WHAT YOU WILL DO: From the line that holds "(서울=연합뉴스) 김도훈 기자" down to the last line of the listing below, reproduce each line exactly and nothing more, omitting pictures.

SOURCE MATERIAL:
[Start of section]

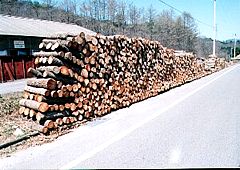 写真:都路ではシイタケ原木の搬出も大切な仕事です
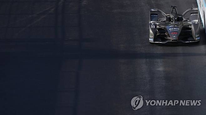 (서울=연합뉴스) 김도훈 기자 = 13일 서울 송파구 잠실올림픽주경기장 일대에서 열린 '2022 하나은행 서울 E-프리(E-Prix)' 15라운드 본경기에서 3위를 차지한 로킷 벤추리 레이싱의 루카스 디그라시(브라질)가 레이스를 펼치고 있다. 2022.8.13
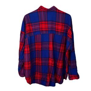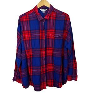 Old Navy The Boyfriend Shirt Women's XXL Blue Red Plaid Button Down Long Sleeve

[End of section]

ANSWER BOX:
 (서울=연합뉴스) 김도훈 기자 = 13일 서울 송파구 잠실올림픽주경기장 일대에서 열린 '2022 하나은행 서울 E-프리(E-Prix)' 15라운드 본경기에서 3위를 차지한 로킷 벤추리 레이싱의 루카스 디그라시(브라질)가 레이스를 펼치고 있다. 2022.8.13
 Old Navy The Boyfriend Shirt Women's XXL Blue Red Plaid Button Down Long Sleeve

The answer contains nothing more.